Provides primary and secondary school teachers, as well as non-formal education facilitators, with specialized guidance, ideas, and advice for designing educational activities suggested contribute to the development 3 financial education pillars: financial competency, capacity, and culture.
Every teacher in the program has access to Financial Educator - an AI assistant designed specifically to support financial education, acting as a co-facilitator available 24/7.
Instant Answers
Teachers can ask questions about financial concepts, teaching methods, or adapting content for different age groups.
The AI responds in the language you use to address it.
Content Creation
Create exercises, scenarios, and activities tailored to the class level and workshop objectives.
Ongoing support
Provides clarity on concepts, easy-to-apply teaching frameworks, and real-life examples.
Key Principles
The Financial Educator does not provide “perfect answers,” but rather encourages reflection and critical thinking. They serve as a role model, not an absolute authority; they recommend verifying information.
Financial education is evolving rapidly. An AI assistant ensures that teachers always have access to up-to-date information, relevant examples, and personalized support, without having to rely on the availability of a human trainer.
The Financial Educator operates based on a robust ecosystem of international frameworks and best practices in financial education and AI ethics.
This Financial Educator is built on 4 major pillars of legitimacy:
1. International frameworks (OECD/INFE, EU)
define competencies
2. European policies
provide strategic direction
3. Empirical studies
validate the impact
4. Real-world educational practices
ensure applicability
A robust architecture of international references, combining conceptual frameworks, public policies, empirical studies, and applied educational resources.
1. REFERENCE FRAMEWORKS (Conceptual frameworks)
These are the “backbone” of FI - they define what financial literacy means and how it develops:
OECD/INFE Core Competencies Framework for Youth & Adults - defines competencies across 3 dimensions: knowledge, skills, attitudes & behaviors;
EU/OECD Financial Competence Framework for Adults (2022) - digital financial competencies, sustainability competencies, and financial resilience;
EU/OECD Financial Competence Framework for Children & Youth (2023) - 4 areas: money & transactions, planning & managing finances, risk & reward, financial landscape, and cross-cutting dimensions (digital, sustainability, citizenship);
OECD/INFE Framework for MSMEs (2018) - competencies for entrepreneurs and business
2. Key concepts integrated into AI
Financial literacy = knowledge + skills + attitudes + behaviors,
Financial capability = application of competencies + context + access,
Financial capacity (practical application),
Financial culture (social norms and collective behaviors).
3. EUROPEAN POLICIES AND STRATEGIES (regulatory direction, recommendations, and public policies)
EU Financial Literacy Strategy (2025) - financial education = essential life skill, with a focus on: financial resilience, inclusion, digitalization.
FSUG Recommendations 2024–2029 - priorities: access to simple products, consumer protection, financial inclusion, digitalization, and sustainability.
Digital Education Action Plan (2021–2027) - development of critical digital skills and responsible use of technology.
4. EMPIRICAL STUDIES (Evidence-based - these justify why financial education is important)
Major global studies
OECD/INFE 2023 Survey - measures: knowledge, behavior, attitudes, digital financial literacy.
OECD/INFE Toolkit 2022 - standardized assessment tool, internationally comparable scores.
Standard & Poor’s Global Financial Literacy Survey - only ~1 in 3 adults is financially literate.
Investment material (Anghel) - Romania ~22% financial literacy level.
Academic studies (evidence-based)
Lusardi & Mitchell (2014) - financial education = human capital, influences saving, investing, and retirement.
Financial Capability Review (Xiao, 2022) - financial capability = skills + behaviors + opportunities.

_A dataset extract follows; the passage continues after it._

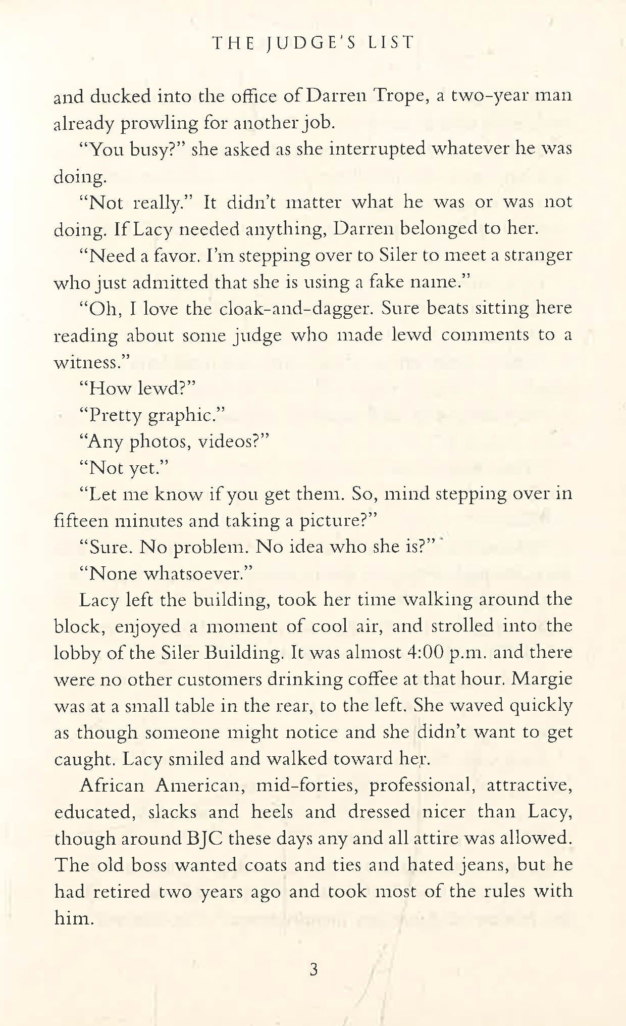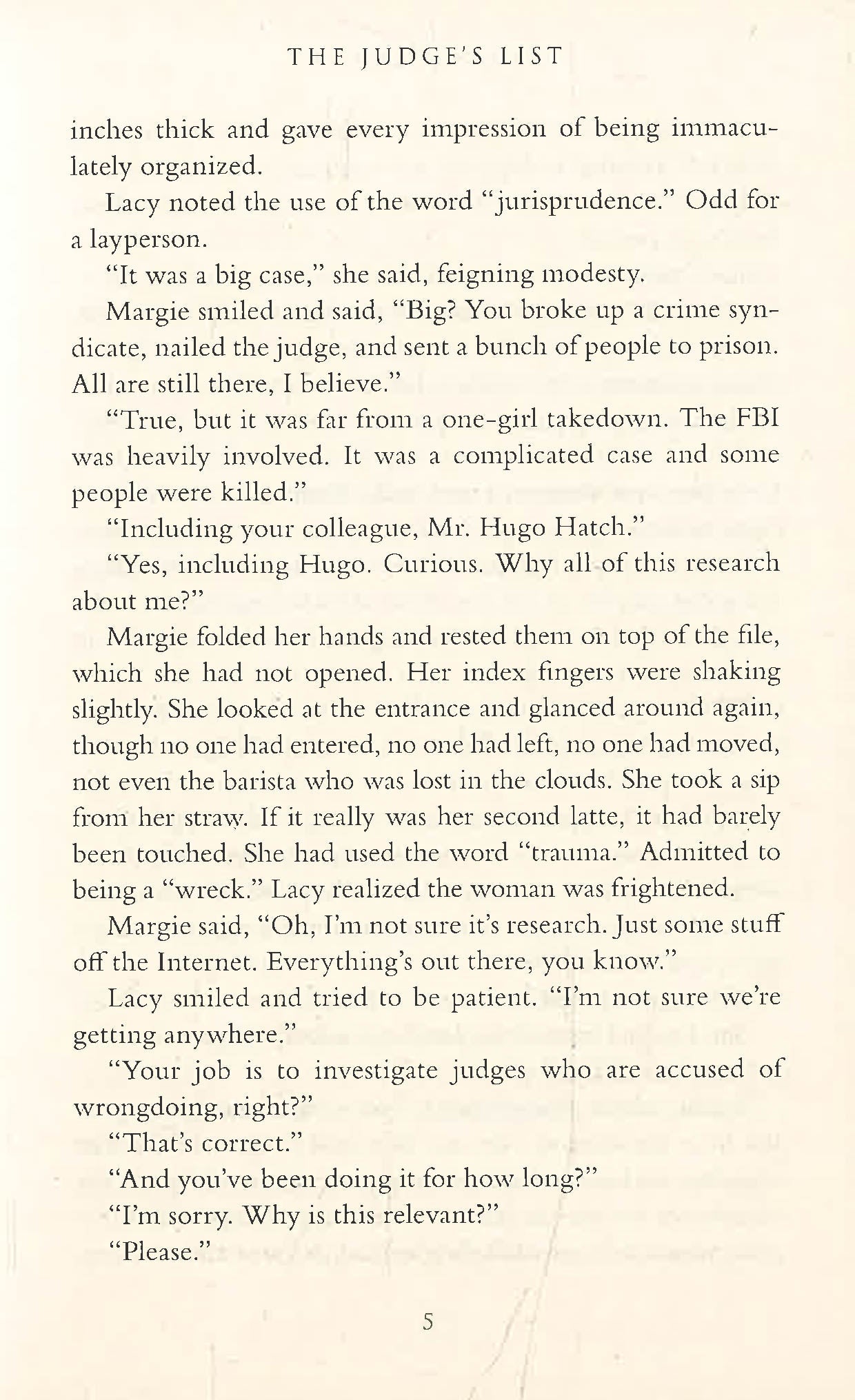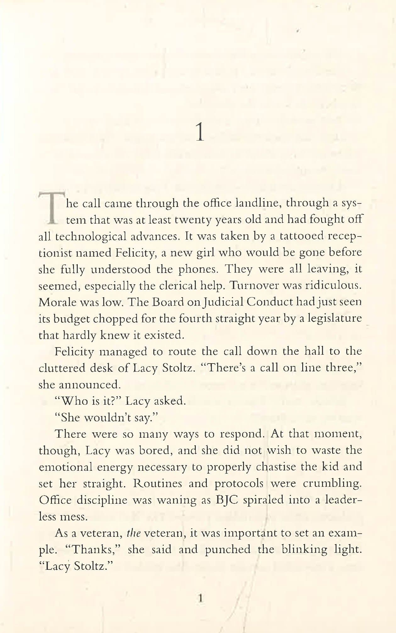 In The Whistler, Lacy Stoltz investigated a corrupt judge who was taking millions in bribes from a crime syndicate. She put the criminals away, but only after being attacked and nearly killed. Three years later, and approaching forty, she is tired of her work for the Florida Board on Judicial Conduct and ready for a change.

Culture & Financial Capability (Bialowolski, 2023) - culture directly influences financial behaviors.
Culture & Financial Literacy (Brown et al.) - financial socialization influences literacy levels.
5. EDUCATIONAL MODELS AND PRACTICES (Applied learning)
AI is not just theoretical; it integrates applied models:
Examples included
Money Matters (UK)
My Finance Coach (Germany)
Școala de Bani (Romania)
FLIP Erste Financial Life Park (Austria)
Play4FinancialSkills (Romania)
Narrative and experiential resources - storytelling + reflection + practice
“Me and Money – a financial journal for teenagers” (Romania)
“Wallet City” (Romania)
Promotes:
gamification
learning by doing
personal reflection
real-life decisions
6. INNOVATIVE ELEMENTS OF THIS AI
What sets it apart from a simple financial education course:
Holistic integration (OECD-aligned) - The AI combines: Financial competency (what I know and can do), Financial capacity (how I apply it), Financial culture (what we do together).
Digital integration (DEAP 2021–2027) - digital finance, online risks (fraud, finfluencers, crypto), AI, and financial decisions.
Modern pedagogical approach - Kolb’s experiential learning, gamification, micro-learning, inclusion, and personalization.